2 Constructing Formulas
For the examples we've looked at, there weren't so many terms in the model that
it became tedious entering them by hand, but in models with many interactions
it can quickly become a nuisance to have to enter every term into the model.
When the terms are all main effects, you can often save typing by using a
data= argument specifying a data set with just the variables you are
interested in and using the period (.) as the right-hand side of the
model, but that will not automatically generate interactions.
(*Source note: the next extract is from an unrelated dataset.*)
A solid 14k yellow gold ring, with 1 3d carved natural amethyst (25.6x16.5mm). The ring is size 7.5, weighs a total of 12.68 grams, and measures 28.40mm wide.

The formula function will accept a text string containing a formula,
and convert it to a formula that can be passed to any of the modeling functions.
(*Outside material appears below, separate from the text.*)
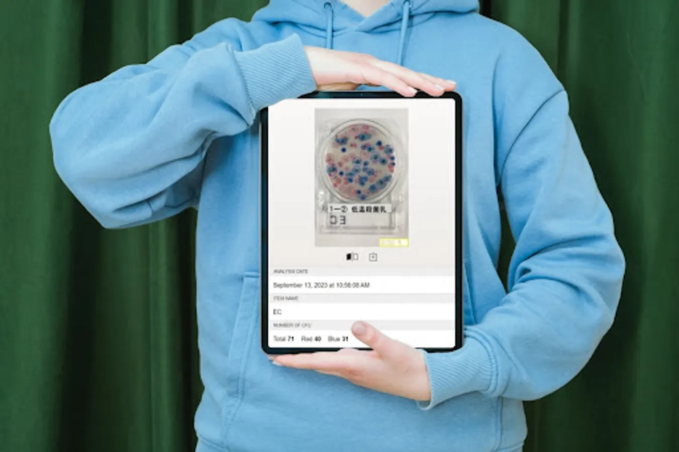 The safety and security of foods are important for humans to live. The examination of bacteria in foods and drinking water can be easily available to everyone. The product supports human life in any place and region. Making it easy bacterial counting, by using a familiar mobile device for everyone around the world, trying to promote operational efficiency using the global cloud and AI, adding value to CompactDry™ to play a role in the improvement of the QOL, keeping these ideas in mind we have developed the application for everyone engaging on health and safety of food.

While it doesn't really make sense for the wine data, suppose we
wanted to add Cultivar and all the interactions between Cultivar
and the independent variables to our original regression model.
The first step is to create a vector of the variables we want to work with.
This can usually be done pretty easily using the names of the data frame
we're working with.
> vnames = names(wine)[c(3,5,10,11,13,14)]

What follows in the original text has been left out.